* REQUIREMENT *
Omit every picture, and retype the lines that run from the beginning of the data below through the line containing "二战之前,对物流的认识和观念", inclusive.

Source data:
============================================================

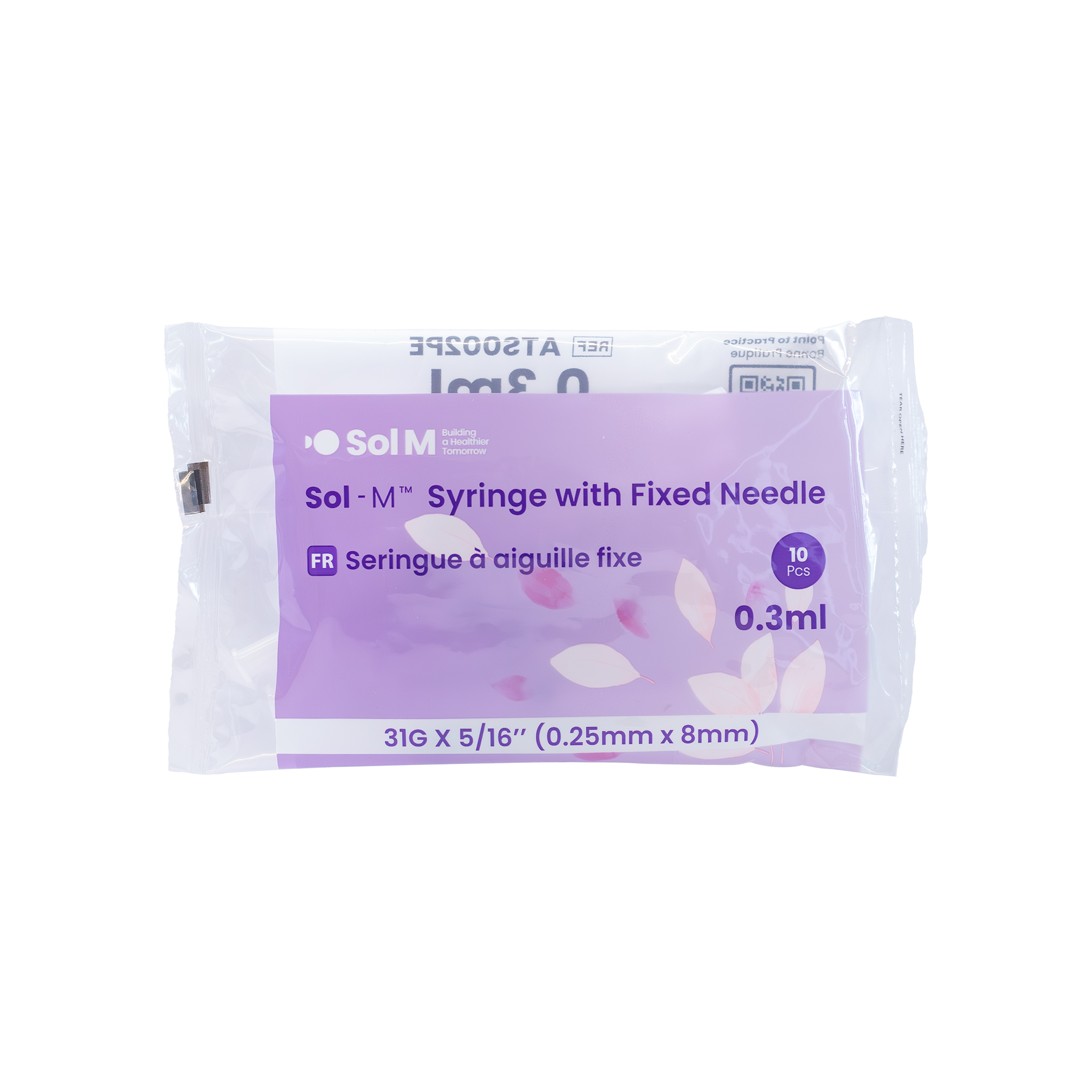 Sol-M Cosmetic 0.3ml Syringe w/ 31G x 8mm Fixed Needle *PE Bags
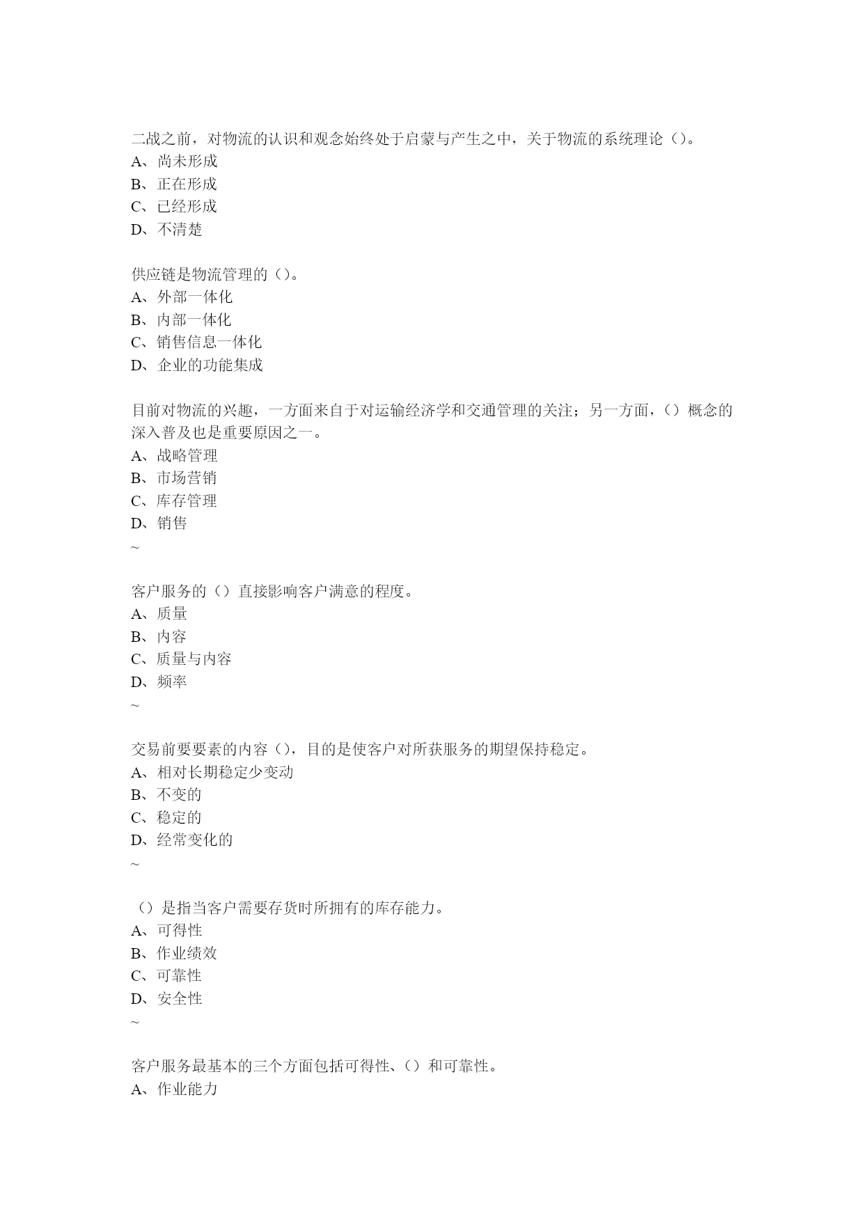 二战之前,对物流的认识和观念始终处于启蒙与产生之中,关于物流的系统理论()。A、尚未形成B、正在形成C、已经形成D、不清楚供应链是物流管理的()。A、外部一体化B、内部一体化C、销售信息一体化D、企业的功能集成目前对物流的兴趣,一方面来自于对运输经济学和交通管理的关注;另一方面,()概念的深入普及也是重要原因之一。A、战略管理B、市场营销C、库存管理D、销售~客户服务的()直接影响客户满意的程度。A、质量B、内容C、质量与内容D、频率~交易前要要素的内容(),目的是使客户对所获服务的期望保持稳定。A、相对
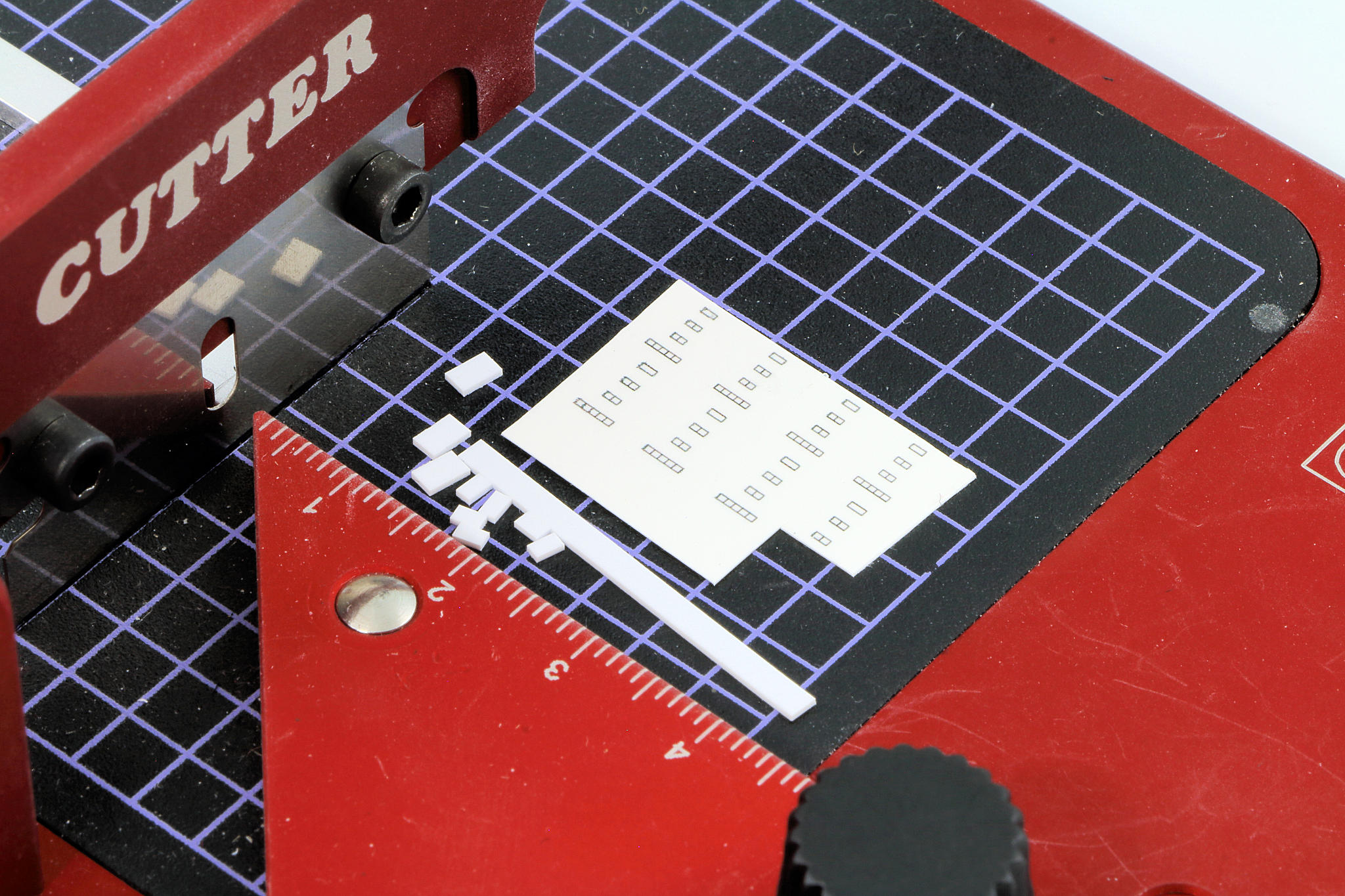 F-16 ma dość charakterystyczne lampki ostrzegawcze mieszczące się na krawędziach osłon antyodblaskowych. Naturalnie Kinetic niczego takiego nie zrobił, musiałem więc sobie poradzić inaczej. Najpierw wyciąłem kawałki plastiki z profilu Evergreen o odpowiedniej grubości – 0,4 mm. Jako że nie udało mi się naciąć tych profili tak, aby imitowały rzędy lampek, wpadłem na pomysł że to wszystko po prostu narysuję. W tym celu wydrukowałem kształty przycisków na przezroczystym papierze do kalkomanii.
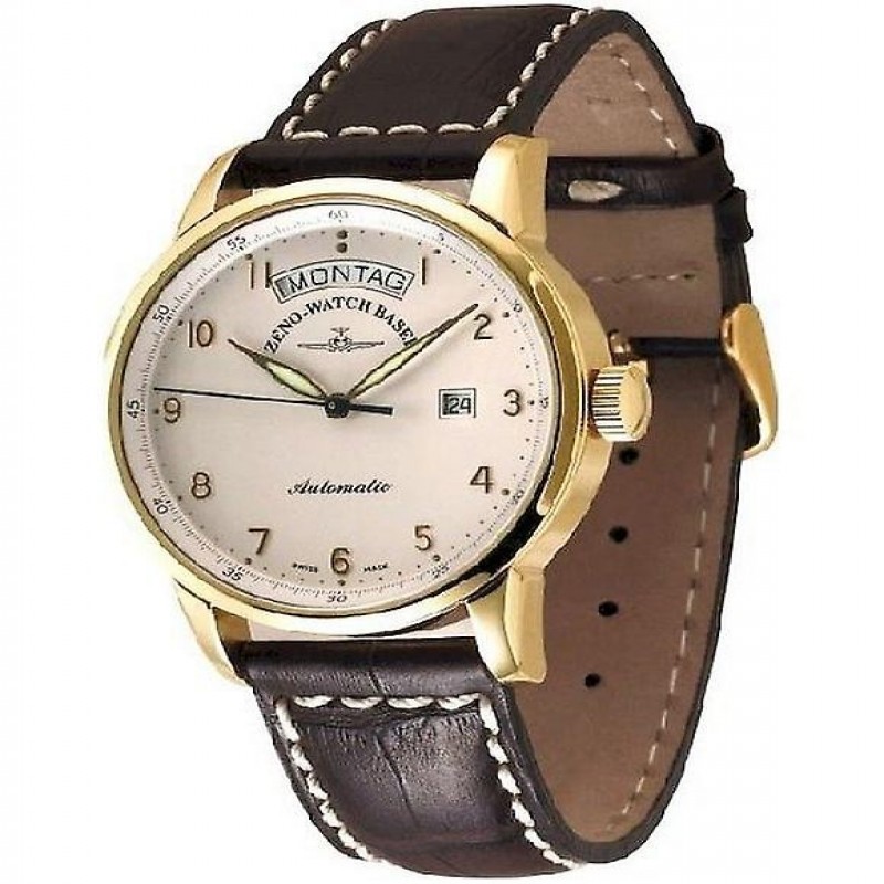 Brand: Zeno Watch Basel Product group: Watches Target group: Men Case color: Yellow gold Crystal: Sapphire crystal Strap material: Leather ? Mm: 42 Case material: Stainless steel Dial color: White ? Other: Display back Other: Swiss Made Display: Analog Strap color: Brown Coating surface: Polished Case shape: Round Watch type: Automatic watches Movement type: Automatic Clasp type: Pin buckle
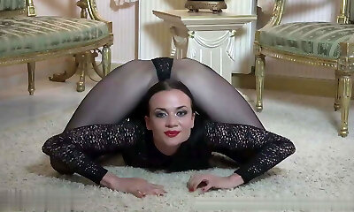 Flexible brunette ballerina jerks her pussy in weird positions
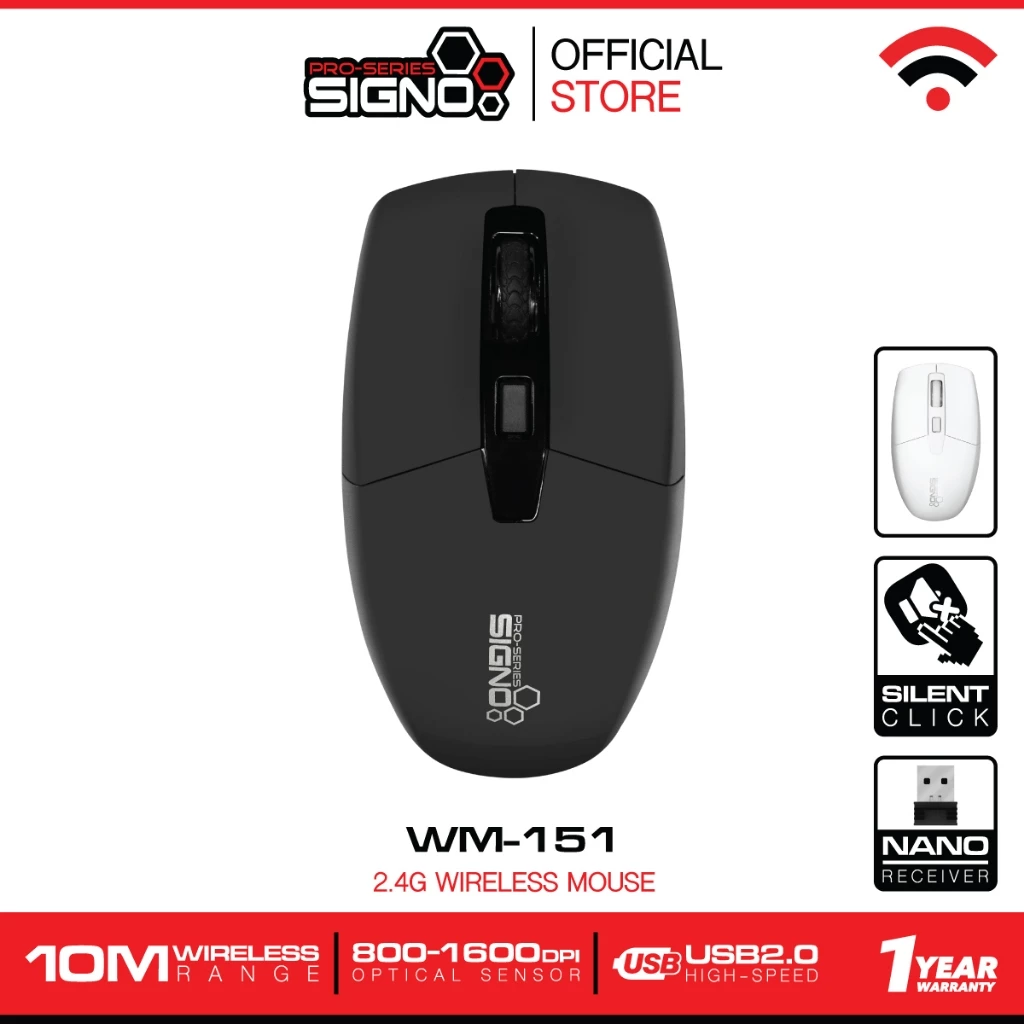SIGNO 2.4G Wireless Optical Mouse รุ่น WM-151 เป็นเมาส์ไร้สายที่ออกแบบมาเพื่อความสะดวกสบายในการใช้งาน SIGNO WM-151 จึงเป็นตัวเลือกที่ดีสำหรับผู้ที่มองหาเมาส์ไร้สายที่มีคุณภาพและความสะดวกสบายในการใช้งาน
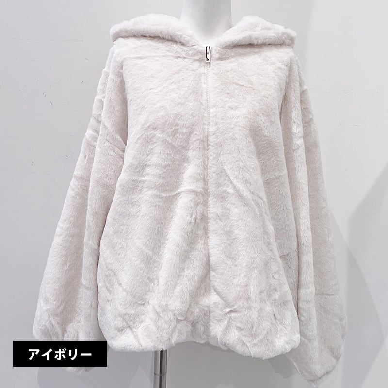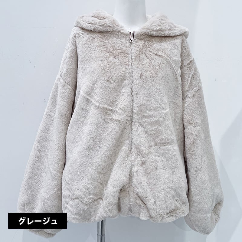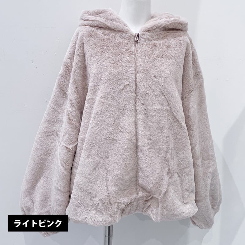 フードファージャケット レディース ファージャケット ジャケット フェミニン アウター アイボリー グレージュ ライトピンク 20代 30代 40代

============================================================

* OUTPUT FOR THIS EXERCISE *
 Sol-M Cosmetic 0.3ml Syringe w/ 31G x 8mm Fixed Needle *PE Bags
 二战之前,对物流的认识和观念始终处于启蒙与产生之中,关于物流的系统理论()。A、尚未形成B、正在形成C、已经形成D、不清楚供应链是物流管理的()。A、外部一体化B、内部一体化C、销售信息一体化D、企业的功能集成目前对物流的兴趣,一方面来自于对运输经济学和交通管理的关注;另一方面,()概念的深入普及也是重要原因之一。A、战略管理B、市场营销C、库存管理D、销售~客户服务的()直接影响客户满意的程度。A、质量B、内容C、质量与内容D、频率~交易前要要素的内容(),目的是使客户对所获服务的期望保持稳定。A、相对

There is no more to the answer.